The three winners from Texas AFT households are: Andrea Hamann, daughter of McAllen AFT member John Hamann, ranked in the top 5 percent of her class at McAllen High School and headed for UT-Austin; Alicia McClung, daughter of Beverly McClung of our Alliance-AFT (Dallas) local, who ranked first in her class at Seagoville High School and plans to attend Austin College; and Blake Medley, son of Texas AFT member Connie Medley, ranked in the top 10 percent of his class at Santa Fe High School and bound for UT-Austin. Congratulations are due to all three of these scholarship recipients and their proud AFT union families.

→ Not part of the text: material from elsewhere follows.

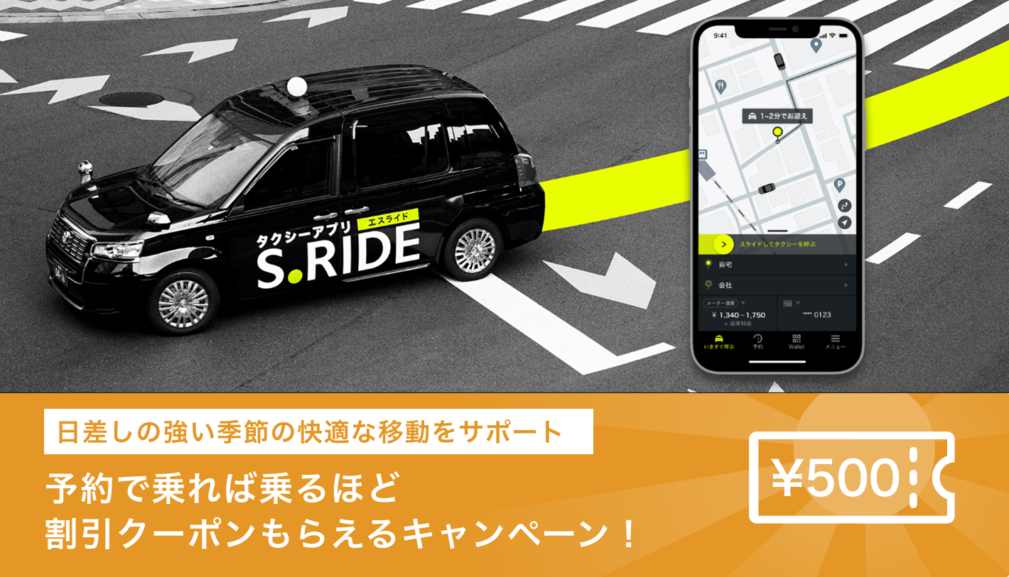 ・キャンペーン期間に、S.RIDEにて予約配車で3回乗車毎に割引クーポン500円分を1枚、プレゼントします。

The state labor federation already is gearing up for the 2010 scholarship round. Central labor councils will receive scholarship packets in October, and information and applications will be posted on the Texas AFL-CIO Web site, www.texasaflcio.org. Deadline for high-school seniors to apply for the 2010 program will be February 1, 2010. AFT parents of college-bound students, take note!
 
Health-Care Reform Takes a Step Forward in Congress:  Health-care reform legislation introduced in the U.S. House of Representatives this week confronts the current system's problems with a real commitment to providing high-quality, affordable health care for all Americans, AFT President Randi Weingarten says.
 
"Real health-care reform has twin goals--to provide affordable, high-quality health care and to cut the unsustainable growth of health-care costs--and the House 'tri-committee' bill will meet both goals," she says.
 
"The legislation provides coverage for 97 percent of all Americans and reforms the health-insurance system by removing the unacceptable exclusion for pre-existing conditions and by providing financial assistance to make this new insurance affordable," Weingarten continues. "The bill includes cost controls while retaining the employer-based system by creating a robust public plan that will compete with private insurers. It also has a strong 'pay or play' requirement to ensure that 160 million working Americans have insurance through their employer or the public plan. The bill also protects working families by not taxing their employer-provided insurance."
 
Weingarten says AFT strongly supports and urges adoption of the "America's Affordable Health Choices Act" and applauds its authors--Reps. George Miller (D-California), Charles Rangel (D-New York), and Henry Waxman (D-California)--for putting together this comprehensive health-care reform bill.
 
Enactment of national health-care reform could substantially reduce the burden of health-care costs that have been shifted increasingly onto the shoulders of active and retired school employees in Texas for the past decade. A bill similar to the U.S. House bill also is making headway in the U.S. Senate, but it faces competition from a less desirable alternative plan still being drafted in the Senate Finance Committee.
 
The full House could be voting on national health-care reform as early as this month, while Senate action is expected to take a bit longer. President Obama has made passage of comprehensive health-care reform his top legislative priority. If he succeeds, he will have achieved a goal that has eluded other presidents over the past 60 years. Be on the lookout for updates and action alerts as this battle--for it is a battle--continues.